The Kubernetes agent uses the in-cluster API and needs read access to cluster resources (nodes, pods, deployments, etc.). Create a read-only `ClusterRole` and bind it to the `pulse-agent` service account.

```yaml
apiVersion: v1
kind: ServiceAccount
metadata:
  name: pulse-agent
  namespace: pulse
---
apiVersion: rbac.authorization.k8s.io/v1
kind: ClusterRole
metadata:
  name: pulse-agent-read
rules:
  - apiGroups: [""]
    resources: ["nodes", "pods"]
    verbs: ["get", "list", "watch"]
  - apiGroups: ["apps"]
    resources: ["deployments"]
    verbs: ["get", "list", "watch"]
  # Optional (Recovery): VolumeSnapshots and Velero backups.
  # These rules are safe to include even if the APIs are not installed; the agent will
  # feature-detect and ignore 404/403 responses.
  - apiGroups: ["snapshot.storage.k8s.io"]
    resources: ["volumesnapshots"]
    verbs: ["get", "list", "watch"]
  - apiGroups: ["velero.io"]
    resources: ["backups"]
    verbs: ["get", "list", "watch"]
---
apiVersion: rbac.authorization.k8s.io/v1
kind: ClusterRoleBinding
metadata:
  name: pulse-agent-read
subjects:
  - kind: ServiceAccount
    name: pulse-agent
    namespace: pulse
roleRef:
  kind: ClusterRole
  name: pulse-agent-read
  apiGroup: rbac.authorization.k8s.io
```

## 3. Talos Linux Specifics

Talos Linux is immutable, so you cannot install the agent via the shell script. Use the DaemonSet approach above.
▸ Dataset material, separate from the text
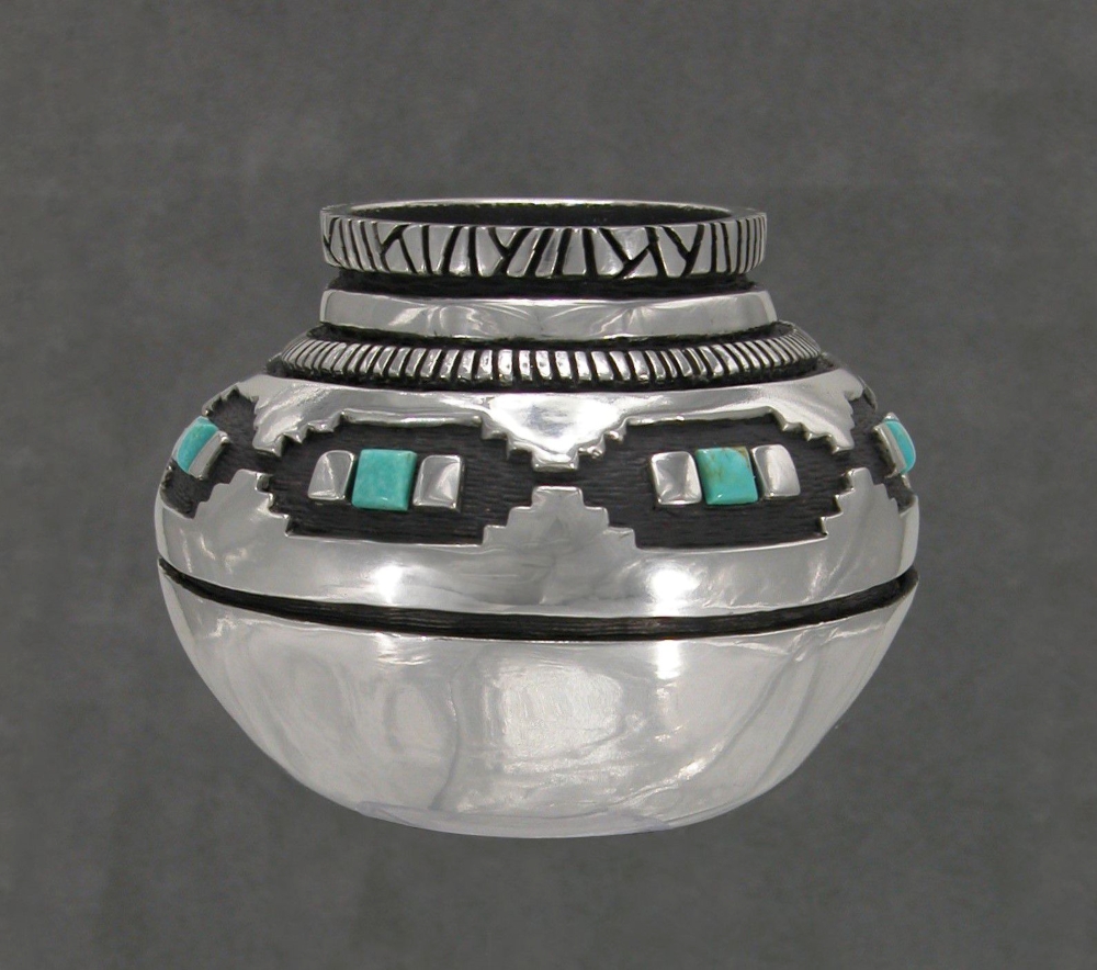Born and raised in the Southwest, Fred Ortiz sculpts unique bronzes. His work is a modern interpretation of traditional Native American pottery, and gives familiar forms a contemporary appeal. Ortiz begins by carefully selecting a piece of fine stone, and then designing the pot around the centerpiece of the stone. Each one of his bronze pots are original, one-of-a-kind sculptures. These highly collectible pots are treasured by bronze collectors around the world, including commissioned pieces created for the King of Jordan, the Sultan of Brunei, and the King of the United Arab Emirates.
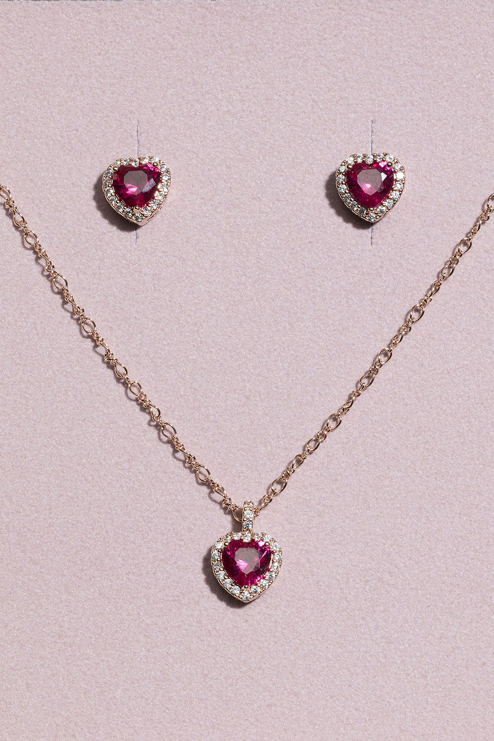 Lyserød er i høj kurs i år, og hvilken bedre måde at fejre det på end at pryde et lyserødt rubinhjerte med fine klare krystaller. Giv dit look et pift af farve med disse søde, iøjnefaldende ørestikker og halskæden i rosaguld.

### Agent Configuration for Talos
- **Storage**: Talos mounts the ephemeral OS on `/`. Persistent data is usually in `/var`. The Pulse agent generally doesn't store state, but if it did, ensure it maps to a persistent path.
- **Network**: The agent will report the Pod IP by default. To report the Node IP, set `PULSE_REPORT_IP` using the Downward API:

    Add this to the DaemonSet `env` section:
    ```yaml
    - name: PULSE_REPORT_IP
      valueFrom:
        fieldRef:
          fieldPath: status.hostIP
    ```

## 4. Troubleshooting

- **Agent not showing in UI**: Check logs for the DaemonSet pods, for example: `kubectl logs -l app=pulse-agent -n pulse`.
- **"Permission Denied" on metrics**: Ensure `securityContext.privileged: true` is set or proper capabilities are added.
- **Connection Refused**: Ensure `PULSE_URL` is correct and reachable from the agent pods.